Using the records below, transcribe exactly only the lines from the one with "Theo bài báo, Peter" through the end, both included, and drop every picture.

## Records for the exercise:
-------
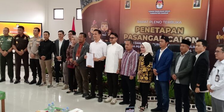 CIANJUR – Komisi Pemilihan Umum (KPU) Kabupaten Cianjur menetapkan pasangan Muhammad Wahyu Ferdian-Ramzy Geys Thebe sebagai Bupati dan Wakil Bupati Cianjur terpilih 2025-2030. Penetapannya dilakukan rapat pleno terbuka di kantor KPU Kabupaten Cianjur, Kamis, 6 Februari 2025.
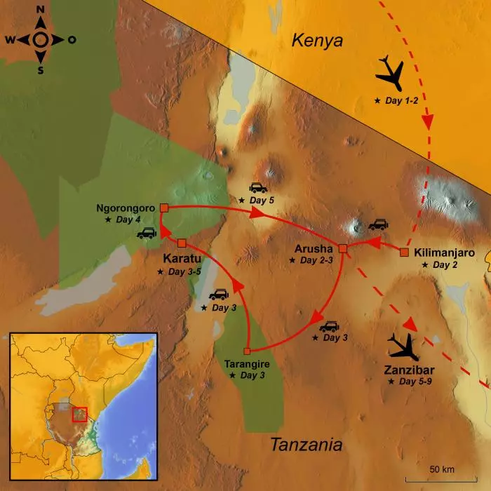You arrive at Kilimanjaro Airport in Tanzania Outside the airport, you’ll be met by one of our local guides who will drive you to your hotel just outside Arusha, where you’ll spend the night. The rest of the day is yours to do as you please: You can rest after the journey and perhaps take a dip in the hotel’s pool.
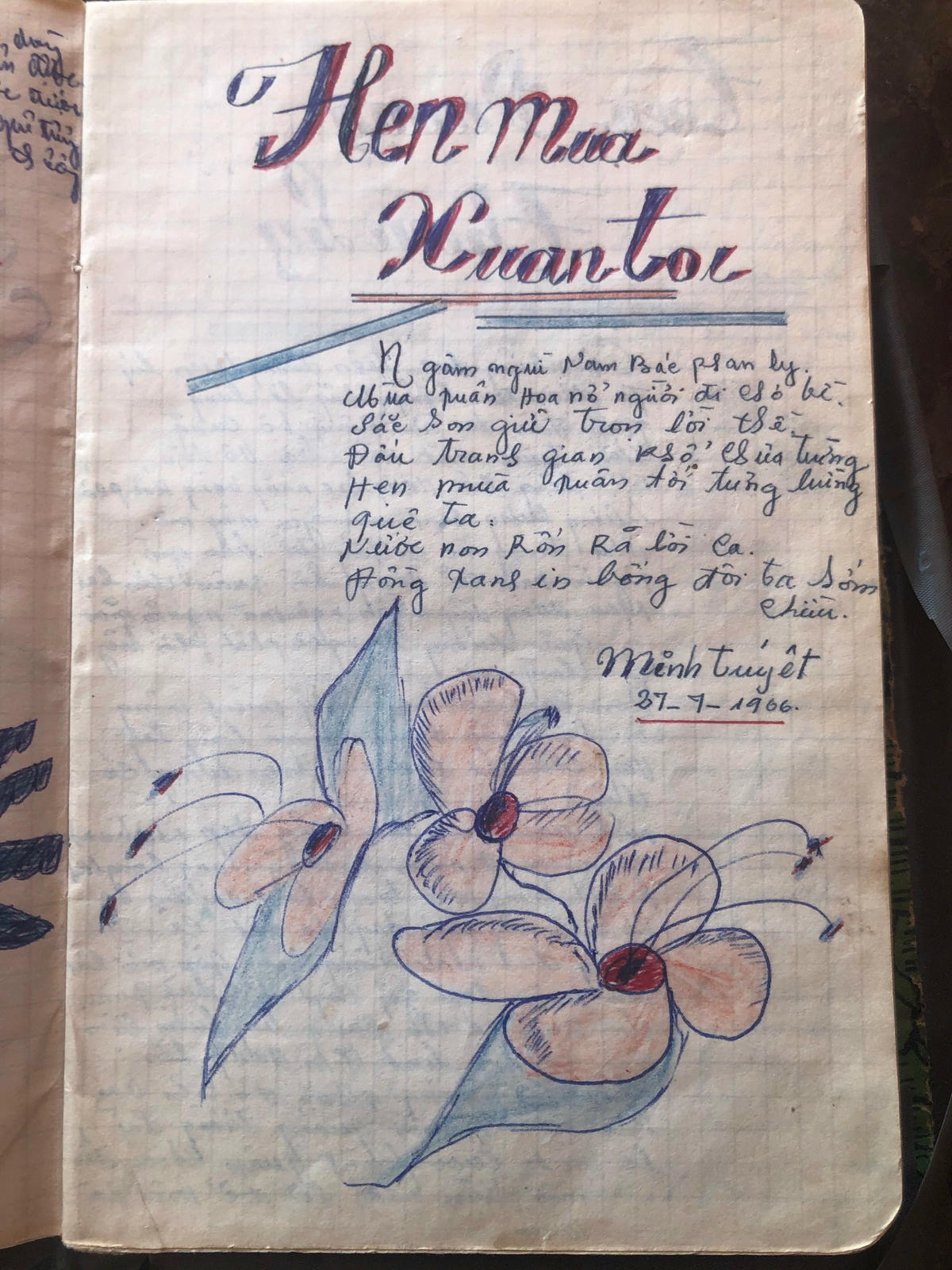 Theo bài báo, Peter Mathews tìm thấy cuốn sổ trong một chiếc ba lô của bộ đội Việt Nam tại trận địa Đăk Tô, Tây Nguyên (huyện Đăk Tô, Kon Tum, Việt Nam) vào tháng 11/1967.
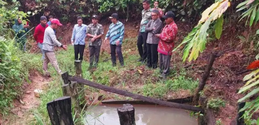 Bupati Ardiansyah bersama rombongan saat meninjau lokasi sumur sumber air bersih warga RT 18 Singa Geweh. (istimewa)
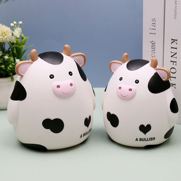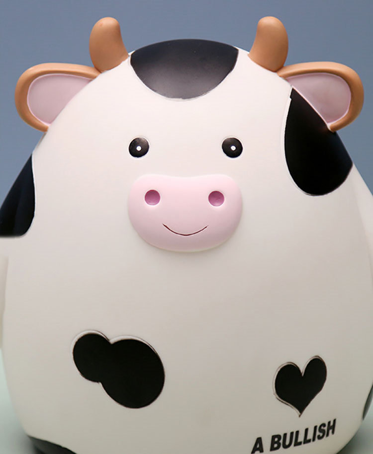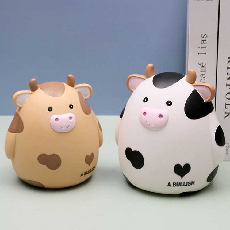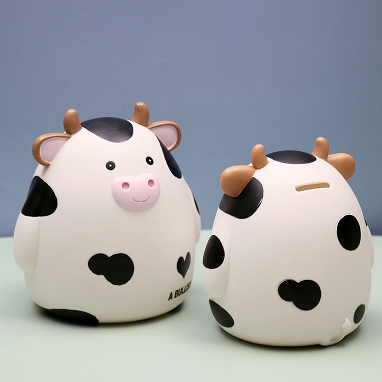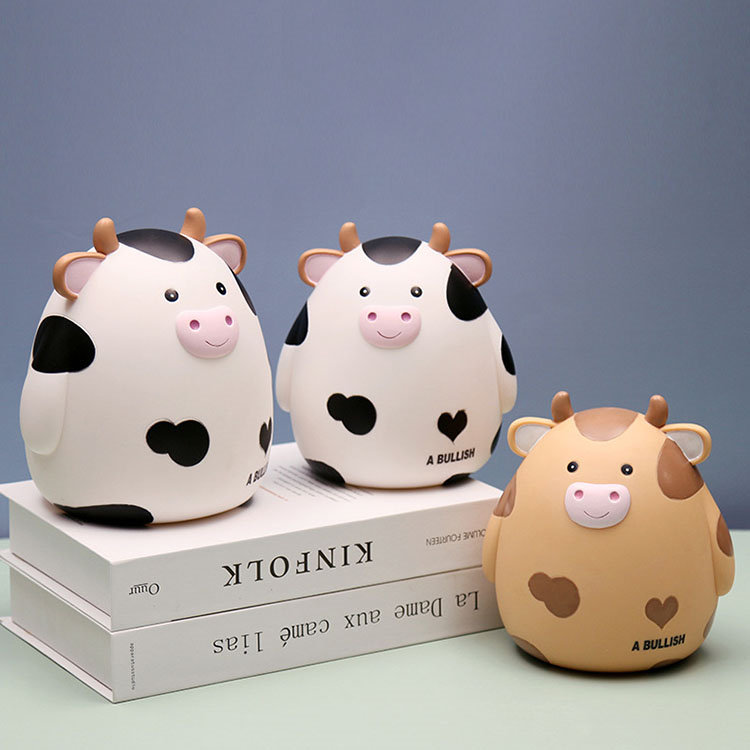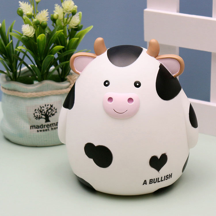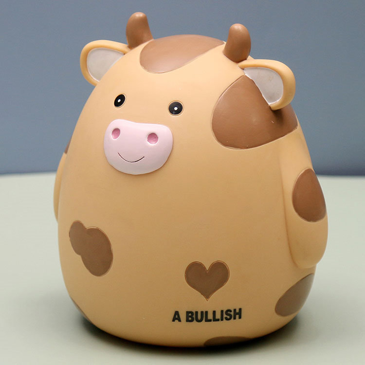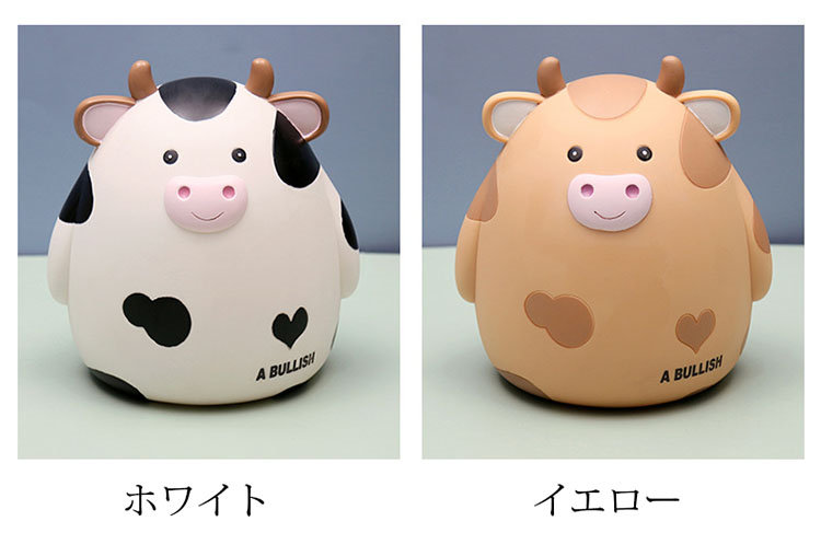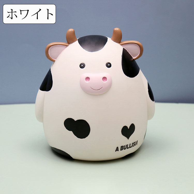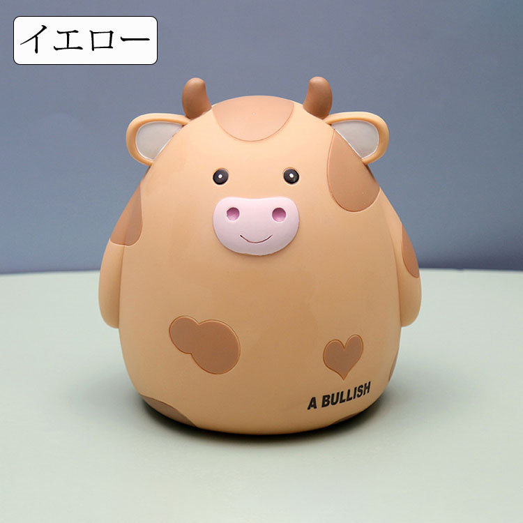 M:17.5*15.5*18.5cm 貯金箱 おしゃれ マネーバンク 子供 硬貨 コイン お札 紙幣 牛の形 可愛い 飾り付き 金庫 おもちゃ 大容量 小銭投入ボックス お年玉 コインバンク 子 お金
-------
## Answer to the exercise:
 Theo bài báo, Peter Mathews tìm thấy cuốn sổ trong một chiếc ba lô của bộ đội Việt Nam tại trận địa Đăk Tô, Tây Nguyên (huyện Đăk Tô, Kon Tum, Việt Nam) vào tháng 11/1967.
 Bupati Ardiansyah bersama rombongan saat meninjau lokasi sumur sumber air bersih warga RT 18 Singa Geweh. (istimewa)
 M:17.5*15.5*18.5cm 貯金箱 おしゃれ マネーバンク 子供 硬貨 コイン お札 紙幣 牛の形 可愛い 飾り付き 金庫 おもちゃ 大容量 小銭投入ボックス お年玉 コインバンク 子 お金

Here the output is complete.